### Task details
Once you find the line with "Zwei Männer in" in the listing below, set down exactly every line from it through the line with "This shows that", but no pictures.

### Materials provided
--- START ---
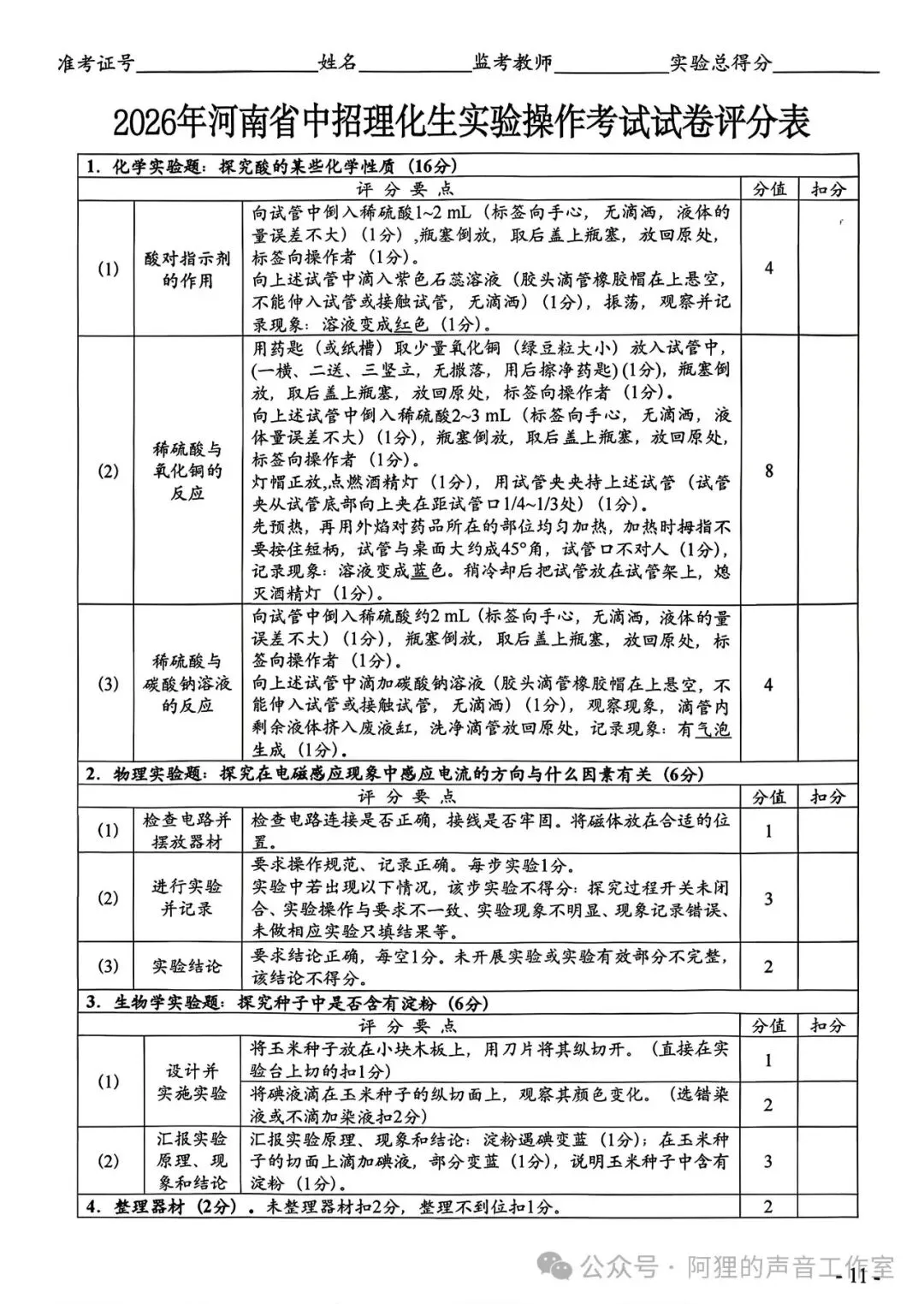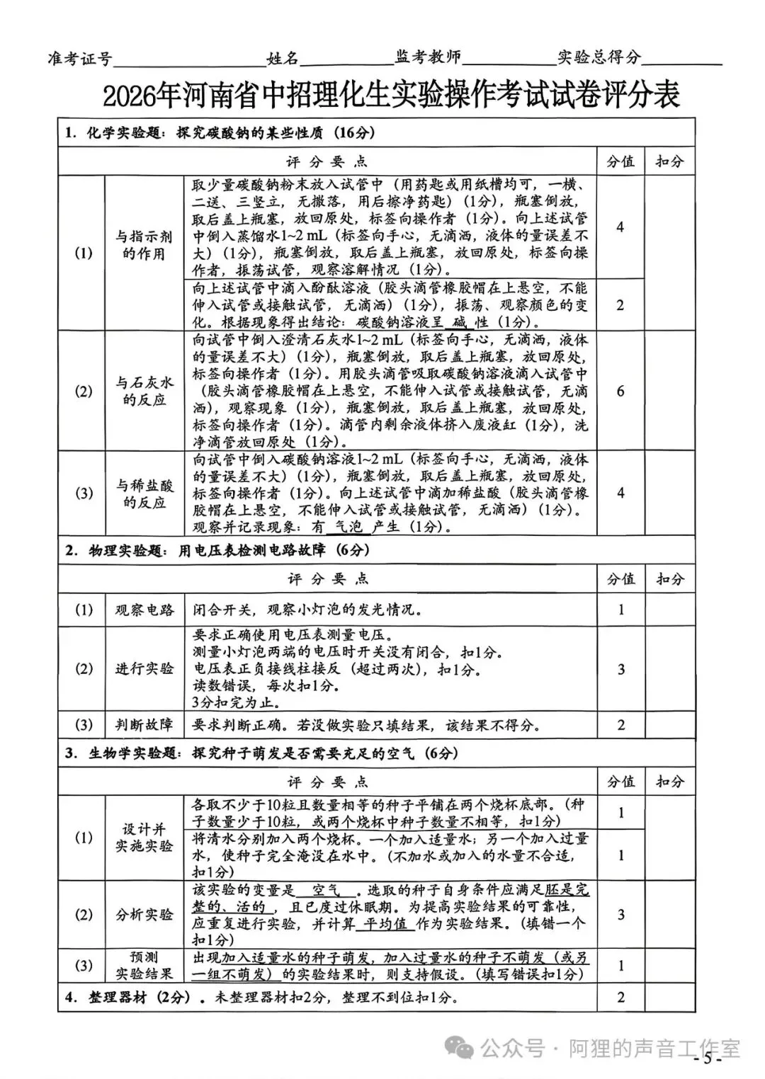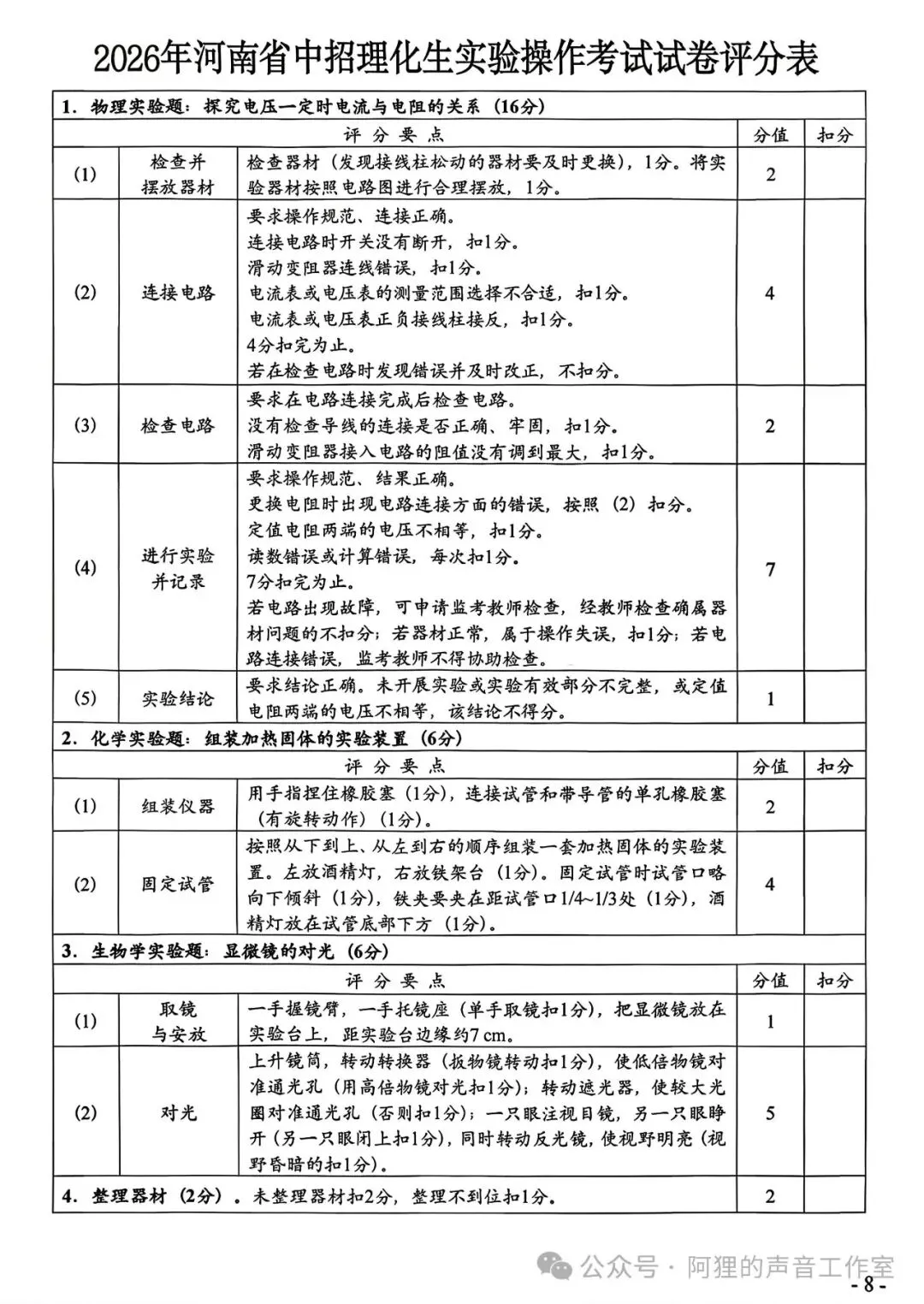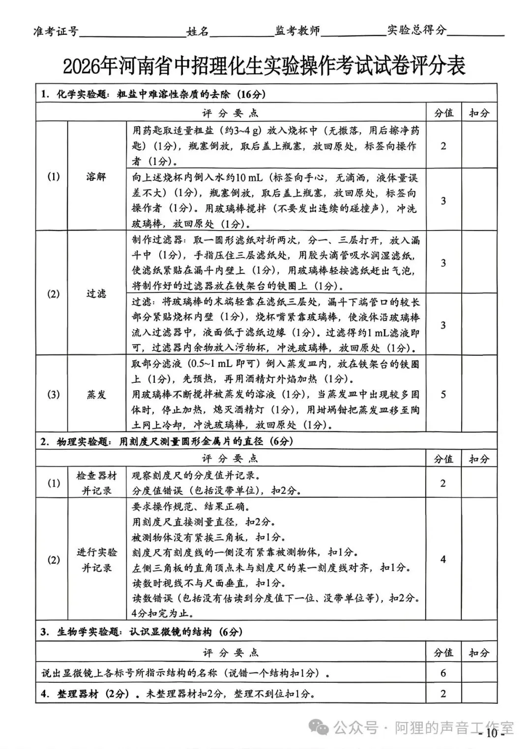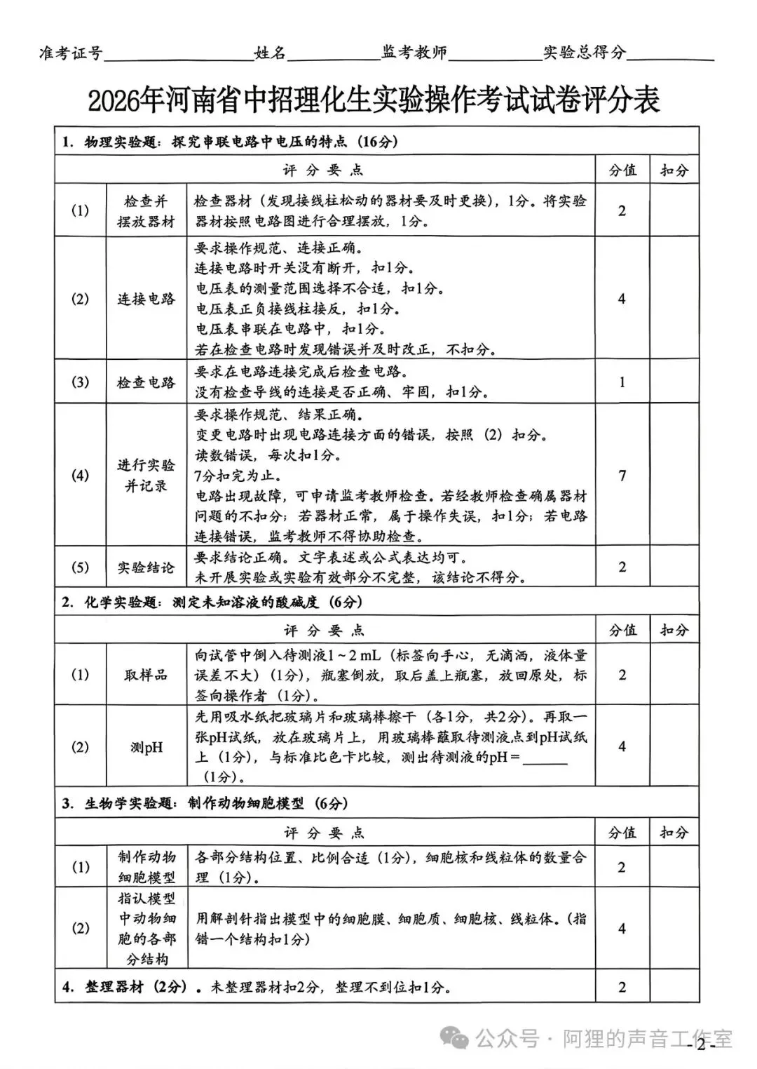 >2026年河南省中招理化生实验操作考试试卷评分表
--- END ---
--- START ---
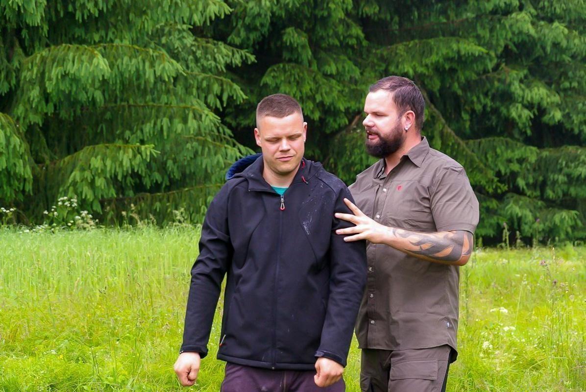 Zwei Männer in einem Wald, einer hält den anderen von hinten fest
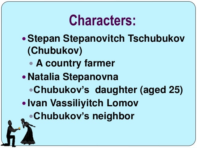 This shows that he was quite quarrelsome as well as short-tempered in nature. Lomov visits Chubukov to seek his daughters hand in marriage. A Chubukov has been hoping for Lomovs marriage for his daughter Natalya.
--- END ---
--- START ---
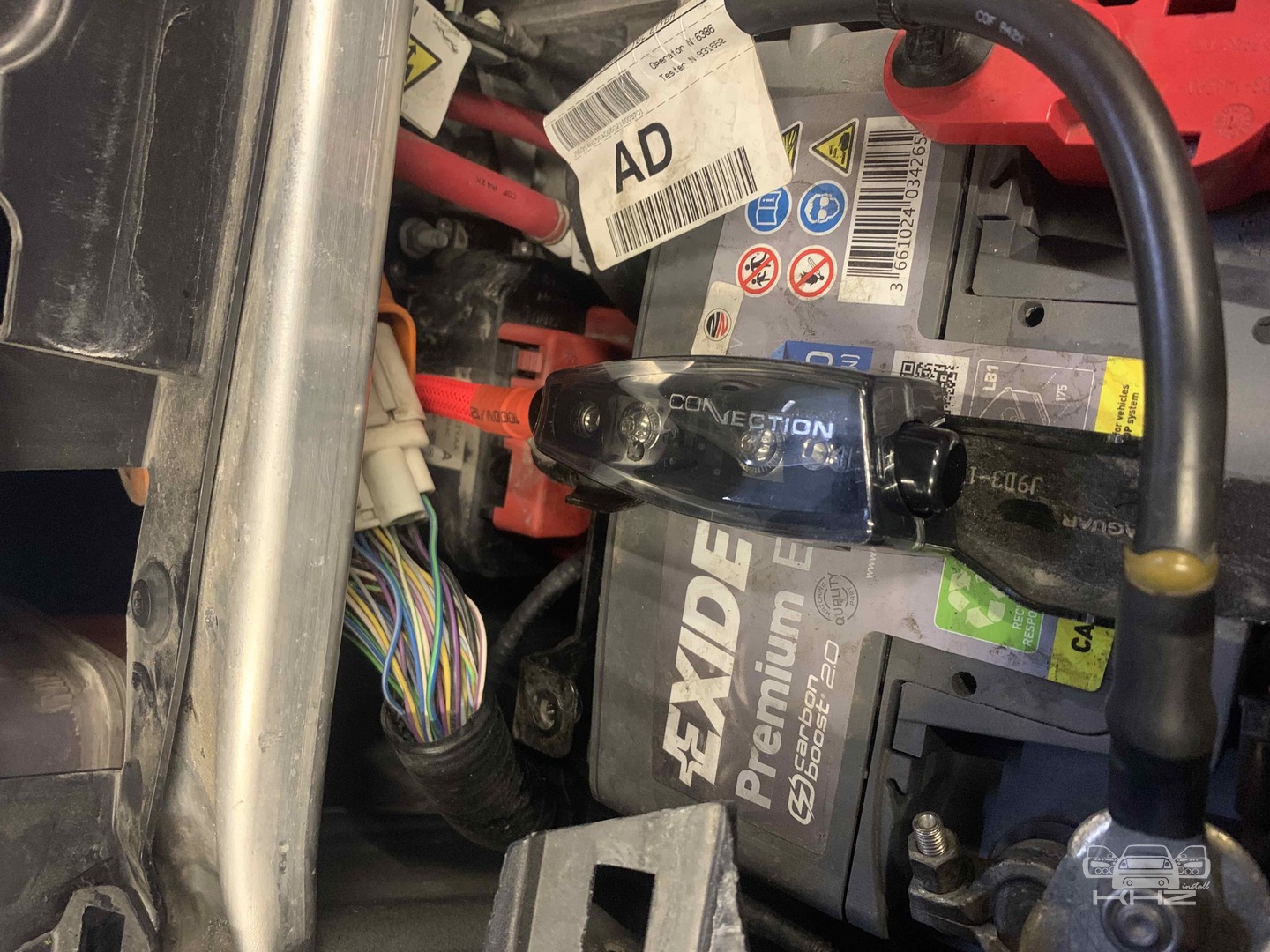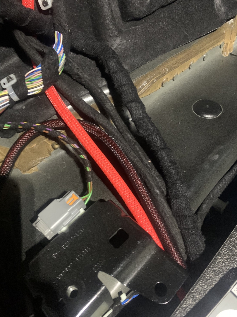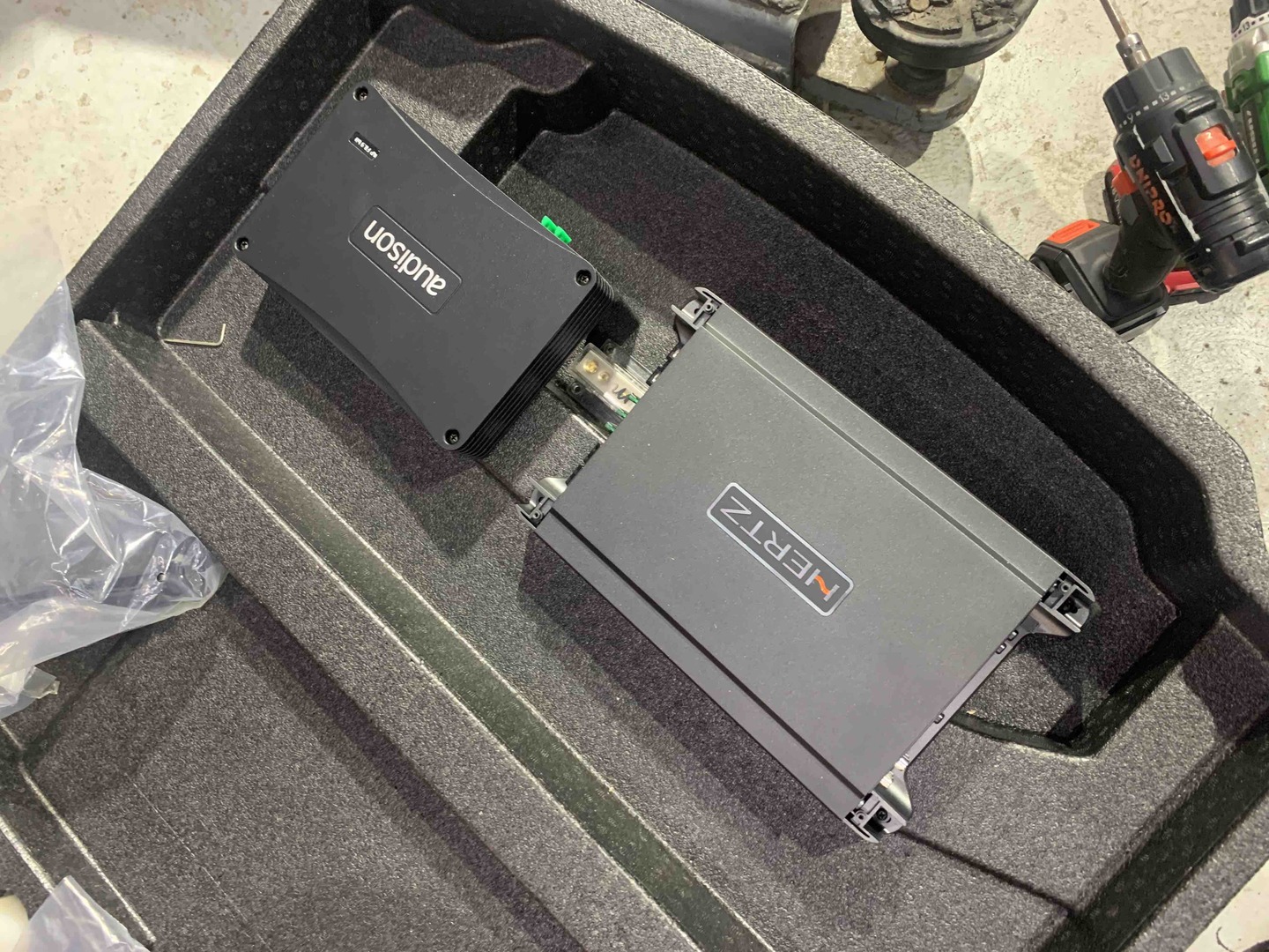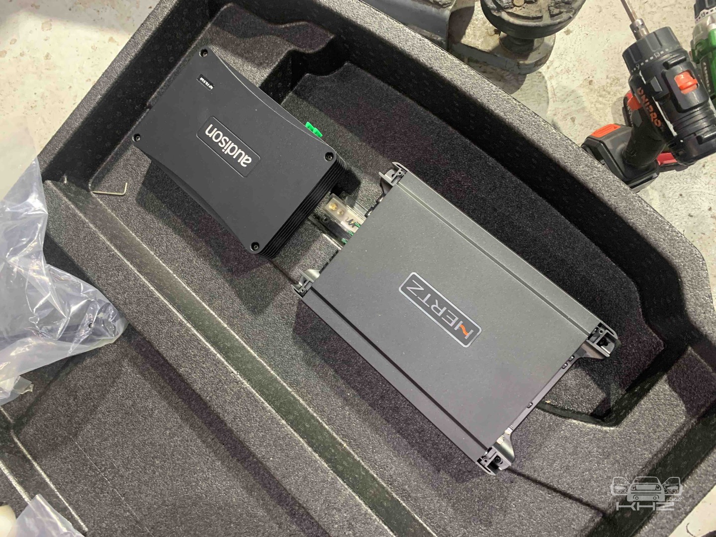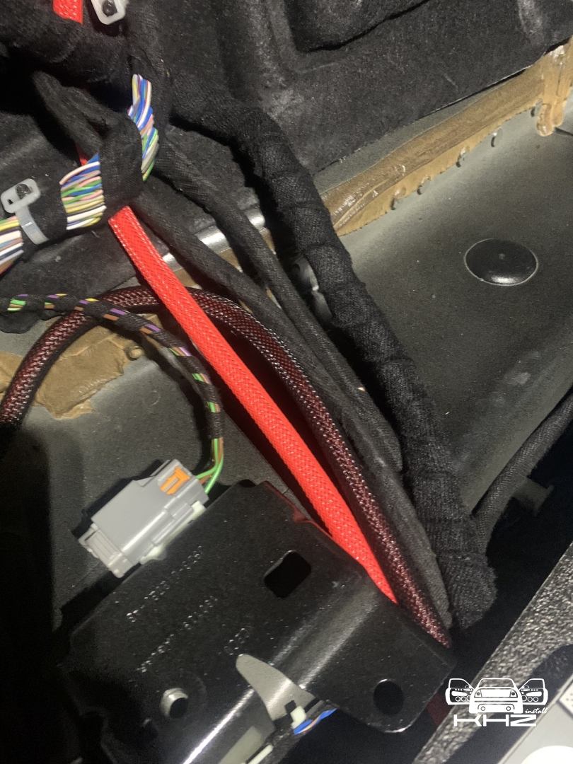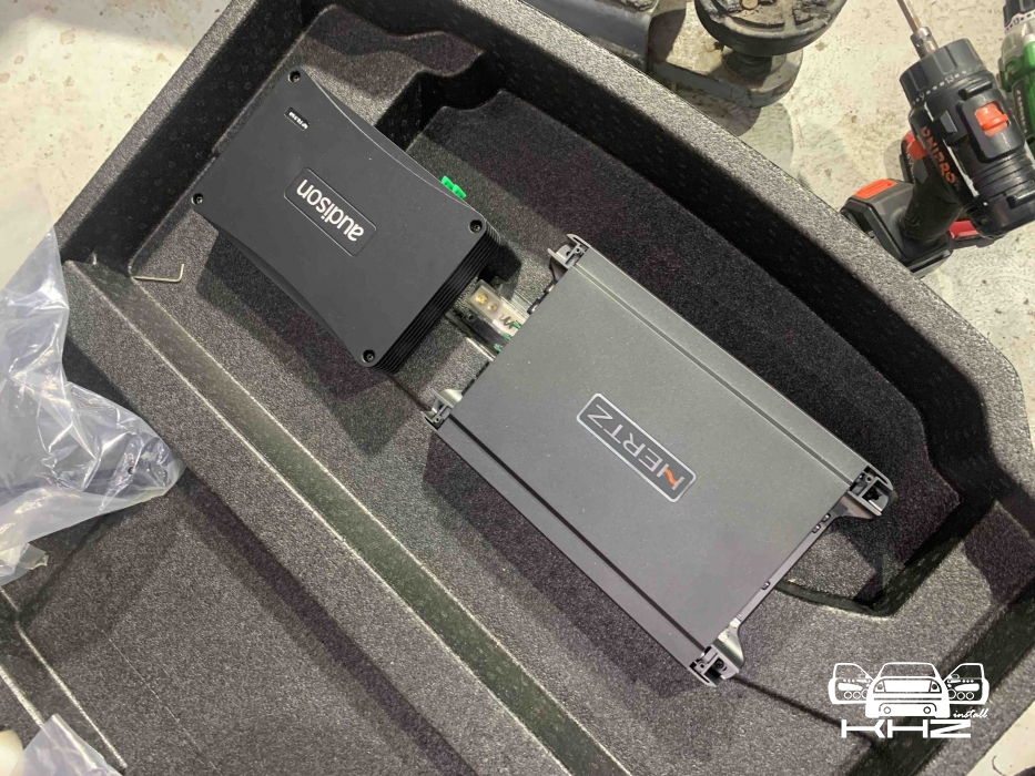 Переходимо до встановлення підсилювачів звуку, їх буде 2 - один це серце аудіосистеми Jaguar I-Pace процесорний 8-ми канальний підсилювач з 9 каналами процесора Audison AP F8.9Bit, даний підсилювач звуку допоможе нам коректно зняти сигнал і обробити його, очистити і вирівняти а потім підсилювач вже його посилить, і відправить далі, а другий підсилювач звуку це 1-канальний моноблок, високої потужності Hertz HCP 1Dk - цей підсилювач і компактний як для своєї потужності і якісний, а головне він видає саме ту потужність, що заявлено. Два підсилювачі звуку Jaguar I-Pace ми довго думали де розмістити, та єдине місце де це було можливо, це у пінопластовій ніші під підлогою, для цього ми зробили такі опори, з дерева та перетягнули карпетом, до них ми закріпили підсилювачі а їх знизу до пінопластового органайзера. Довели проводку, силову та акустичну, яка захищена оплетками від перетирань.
--- END ---
### Expected answer
 Zwei Männer in einem Wald, einer hält den anderen von hinten fest
 This shows that he was quite quarrelsome as well as short-tempered in nature. Lomov visits Chubukov to seek his daughters hand in marriage. A Chubukov has been hoping for Lomovs marriage for his daughter Natalya.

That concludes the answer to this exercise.